Nguyen Quoc Anh, Deputy CEO of Batdongsan.com, provided further insights, revealing that Vietnam’s five-year property price growth of 59% exceeds the 54% in the United States, 49% in Australia, 41% in Japan, and 37% in Singapore.
Despite the rapid price increase, Vietnam’s rental yield lags behind, averaging just 4%, compared to the 5-7% seen in countries like the Philippines, Malaysia, Thailand, Indonesia, and the U.S.
Quoc Anh attributed the price surge to Vietnam’s strong economic growth and inflationary pressures. With a GDP per capita growth rate of 34.8% - higher than the global average (20.8%) and other developing countries (22%) - Vietnamese consumers have increasingly turned to real estate as a preferred investment channel.
In contrast to volatile gold markets and modest returns from foreign currencies and savings accounts, real estate remains a stable investment. Over the past decade, average returns on apartments and land plots have soared by 197% and 137%, respectively, making property the best-performing asset class in Vietnam.

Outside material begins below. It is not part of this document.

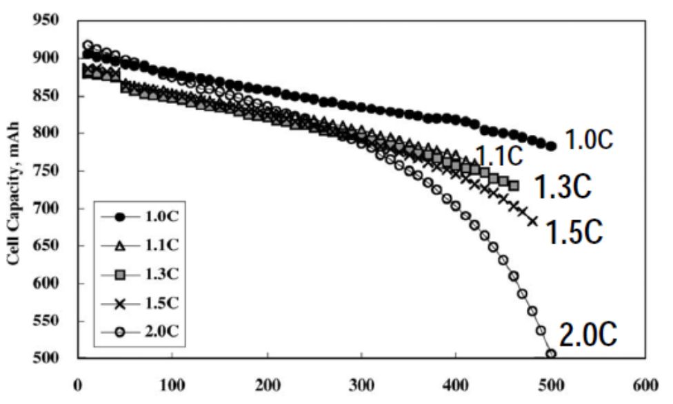 二、 如下圖為鋰離子電池的容量、循環壽命和放電電流之間的關系,縱軸為電池容量,橫軸為循環壽命次數,可以看出對于充電速率越大,容量衰減速度越快

Despite the market’s potential, younger generations continue to struggle with homeownership. Data from Batdongsan.com revealed that:
In 2004, it took a Gen X individual 31.3 years of income to afford a 60-square-meter apartment priced at 600 million VND, with a savings rate of 7.4%.
By 2014, a millennial (Gen Y) needed 22.7 years of income to purchase a similar apartment, which had risen to 1.5 billion VND, while the savings rate dropped to 6%.
In 2024, a Gen Z buyer would require 25.8 years of income to afford the same apartment, now priced at 3 billion VND, despite a lower savings rate of 4.5%.
This growing affordability challenge highlights the persistent difficulty of homeownership for younger generations, even as interest rates have declined.
Despite these hurdles, property ownership remains a cornerstone of Vietnamese culture. Vietnam boasts one of the highest homeownership rates globally, at 90% - outpacing countries like Singapore (88%), Indonesia (84%), the U.S. (66%), and Australia (66%).
The preference for property ownership stems from cultural values, the perception of real estate as a stable investment, and the underdeveloped financial markets in Vietnam. Owning property is also viewed as a symbol of social status and a vital asset for family stability.
With legislative reforms and favorable economic trends on the horizon, Vietnam’s real estate market will likely continue to grow. However, ensuring affordability for younger generations remains a pressing challenge, requiring innovative policies and long-term solutions.